– Черт, – чешет репу Сява. – Штукатурка чуть не обвалилась… Совсем Вероника не бережет наш труд.
– Иди и догони ее. Объяснишь, что я с каждым так разговаривал. Я пока перейду к ультрапаковским ребятам.
Хотел позвать сразу всех троих, но оказалось, что Кир выехал на встречу. Гриша с Мариной, приоткрыв дверь, просовывают головы и топчутся на пороге:
– Фил, звал?
– Да, заходите. Садитесь.
Ребята озираются, но не решаются сесть, видя, что я стою. Какое-то время я просто разглядываю их лица, стараясь рассмотреть признаки смущения или беспокойства, но ничего подобного не нахожу. Поначалу. А потом затянувшееся молчание обрывает Гриша:
– Фил, ну? Говори, чего хотел, у меня там клиент на линии висит… висел, бросил трубку уже, наверное.

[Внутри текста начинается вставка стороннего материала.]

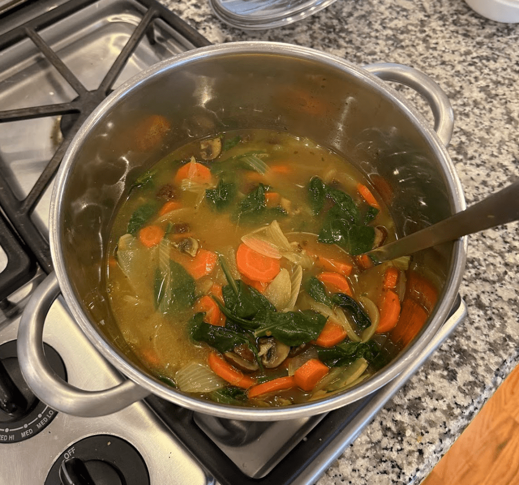 i was unfortunately sick and down for the count for the majority of my time at home, but that gave me all the more reason to get in some quality r&r. me and Emma made Jen Jones’s flu soup to build back some immunity yesterday, and it pairs perfectly with a piece of buttered sourdough.

– Ребята, когда вы в последний раз общались с бывшим шефом?
– С Костылем?
– Да, с Панченко.
– Так это… Когда заявление об увольнении принес ему, – отвечает Гриша. – Больше его не видел.
– А ты, Марин?
– И я тогда же. А что случилось?
– Вы никому не рассказывали о нашей компании в плоскости тех слухов, что идут по городу?
– Я – точно нет! – уверенно заявляет Гриша.

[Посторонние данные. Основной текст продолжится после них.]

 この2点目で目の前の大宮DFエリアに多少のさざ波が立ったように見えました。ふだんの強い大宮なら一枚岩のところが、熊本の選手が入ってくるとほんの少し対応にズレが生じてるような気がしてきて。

– И я не рассказывала. А что случилось? Ты что, думаешь, это мы? – Марина плотно сжимает губы и смотрит исподлобья.
– Теперь точно знаю, что не вы. Но кто-то из наших. Больше просто некому.
– Может, Кир? – переглянувшись с Гришей, предполагает девушка.
– А с Киром-то что не так?
– Да знаешь, Фил… – Гриша опускает глаза. – Он какой-то странный в последнее время.
– В чем это выражается?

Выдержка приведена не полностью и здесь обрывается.